BC and SC perform better because BC trains individual models on slightly varied data samples, creating a diverse ensemble. This strategy proved valuable in mitigating the risk of overfitting the limited dataset associated with IPO predictions. The ensemble’s predictions, aggregated through averaging or majority voting, contribute to more stable and reliable outcomes, which is crucial in scenarios with small-scale data. The ET Classifier, employed in the ensemble, also excels in addressing challenges related to variance and overfitting, which are common concerns in the context of limited data. Its randomized decision-making process and comprehensive analysis of the entire learning sample result in de-correlated DT, effectively reducing variance and improving the model’s ability to capture underlying patterns in the data.

In contrast, deep-learning models exhibit varying levels of effectiveness in handling IPO predictions. MLP achieves moderate accuracy with high precision but struggles with recall, indicating its difficulty in identifying all relevant positive cases. This suggests that while MLP is effective at making confident predictions, it may not generalize well in capturing all variations in IPO performance. TabNet, despite its architectural advantages for tabular data, underperforms significantly, demonstrating the lowest accuracy and recall. This suggests that its feature representation may not align well with the stock market data structure. ANN, while slightly better than TabNet, also struggles to balance precision and recall, indicating challenges in effectively learning from the limited dataset.

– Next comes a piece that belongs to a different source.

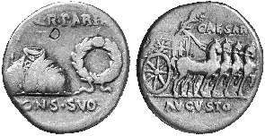 Issued by the Imperial legate P.Carisius, ca.25-23 BC | |||
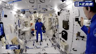 第二课里,三位太空教师不仅进行了魔法般的太空实验,还带大家参观了天和核心舱里的科技实验设备。冰墩墩更是“惊喜加盟”本次太空教学,与三位太空教师一起展现太空的奥妙。

5.3. 10-Fold Cross-Validation

In predicting stock performance following IPOs, applying a 10-fold cross-validation technique adds a crucial level of consistency to the assessment procedure. In this method, the dataset is divided into 10, nine of which are used to train the models and one to test them. Each subset is utilized as the validation data precisely once during the ten repetitions of this process. This approach allows for an overall evaluation of the models’ generalization abilities over distinct data portions, reducing biases that may occur based on a sole split. For stakeholders in the financial sector, 10-fold cross-validation is a dependable indicator of the consistency and dependability of models when it comes to IPO stock prediction. The following indicators have been used to evaluate the models using 10-fold cross-validation: Mean, Median Interquartile Range (IQR), First Quartile Q1, Third Quartile (Q3), Whisker Low (WhisLo), Whisker High (WhisHi), and Fliers (Outliers above and below Q1 ± 1.5 × IQR)

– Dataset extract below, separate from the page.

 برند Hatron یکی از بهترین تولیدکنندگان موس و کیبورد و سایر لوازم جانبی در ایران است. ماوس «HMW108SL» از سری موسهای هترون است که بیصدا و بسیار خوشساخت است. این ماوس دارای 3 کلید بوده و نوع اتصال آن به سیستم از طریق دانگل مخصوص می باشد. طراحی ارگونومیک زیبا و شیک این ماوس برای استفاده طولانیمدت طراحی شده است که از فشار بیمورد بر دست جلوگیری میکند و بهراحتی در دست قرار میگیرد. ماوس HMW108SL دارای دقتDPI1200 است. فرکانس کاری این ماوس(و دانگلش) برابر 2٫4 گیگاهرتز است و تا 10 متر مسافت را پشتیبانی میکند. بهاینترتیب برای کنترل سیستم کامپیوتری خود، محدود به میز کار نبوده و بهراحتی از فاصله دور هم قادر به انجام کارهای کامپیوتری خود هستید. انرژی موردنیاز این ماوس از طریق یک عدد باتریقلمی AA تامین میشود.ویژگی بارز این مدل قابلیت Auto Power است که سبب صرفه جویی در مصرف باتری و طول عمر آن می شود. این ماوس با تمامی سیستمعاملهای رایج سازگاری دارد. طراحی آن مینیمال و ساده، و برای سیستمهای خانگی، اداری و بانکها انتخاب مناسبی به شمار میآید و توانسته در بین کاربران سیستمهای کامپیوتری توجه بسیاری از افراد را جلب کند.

The models perform consistently across measures, with mean accuracy ranging from 57% to 70%. The BC and ET models demonstrate outstanding accuracy, with averages of 70% and 69%, respectively. The recall values range from 63% to 78%, reflecting the balance sensitivity in forecasting stocks that fall below their IPO prices. Precision ratings for positive predictions are typically good, ranging from 61% to 76%, with the bagging model achieving an impressive precision mean of 76%, emphasizing its ability to minimize false positives. Lastly, the F1 scores range between 60% and 69%, indicating a well-rounded performance, with BC achieving the highest value.

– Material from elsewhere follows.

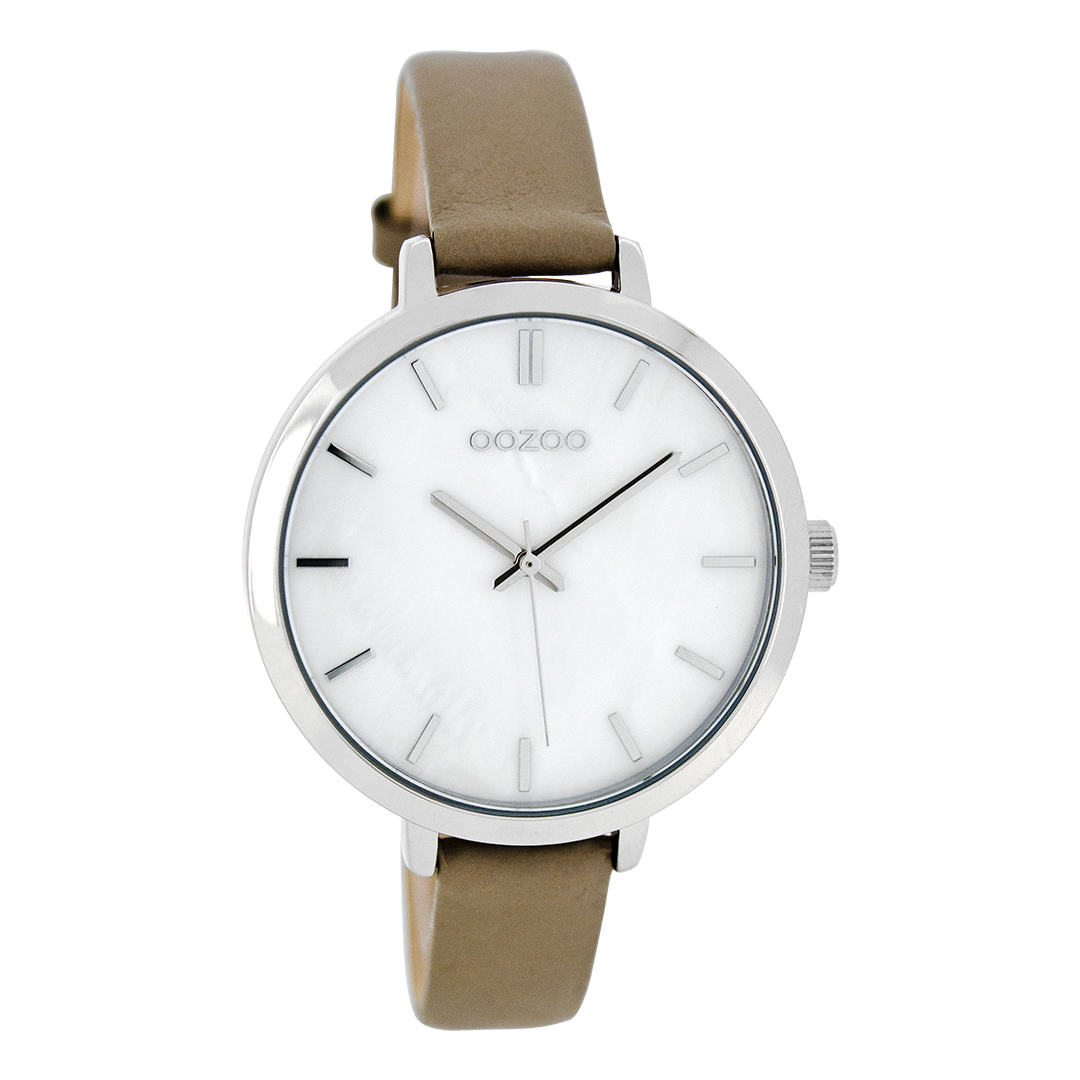 Silver coloured OOZOO watch with taupe leather strap - C8357

Beyond accuracy, recall, precision, and F1 score, the analysis of additional metrics provides a more comprehensive understanding of each model’s performance in predicting stock movements in the IPO market. The DT has a consistent and equal distribution across metrics with a moderate IQR for accuracy, recall, precision, and F1 score. The RF model has a balanced distribution across all measures, indicating dependability in multiple aspects of prediction. AdaBoost Classifier, despite a lower IQR in accuracy, demonstrates robust performance in recall, precision, and F1 score. The GB Classifier, XGBoost Classifier, and SC all have varied degrees of IQR, demonstrating trade-offs between different measures. While the ET Classifier has an accuracy IQR of 0%, other metrics show significant variability, indicating distinct strengths and shortcomings.

Deep-learning models exhibit mixed results in 10-fold cross-validation. MLP performs competitively, achieving a mean accuracy of 67%, along with strong precision (77%) and well-balanced F1 scores (68%), making it a viable alternative for IPO predictions. However, TabNet struggles significantly, yielding the lowest accuracy (44%) and recall (27%), suggesting that its feature representation may not effectively capture the patterns necessary for stock movement prediction. ANN also underperforms with a 53% accuracy and a recall of 42%, indicating difficulties in learning meaningful patterns from the dataset. The lower performance of deep-learning models, particularly ANN and TabNet, suggests that traditional ensemble-based models may still be more suited for IPO prediction tasks where data availability is limited and interpretability is essential. The detailed results of the 10-fold cross-validation are shown in

Table 15. Results for 10-Fold Cross-Validation.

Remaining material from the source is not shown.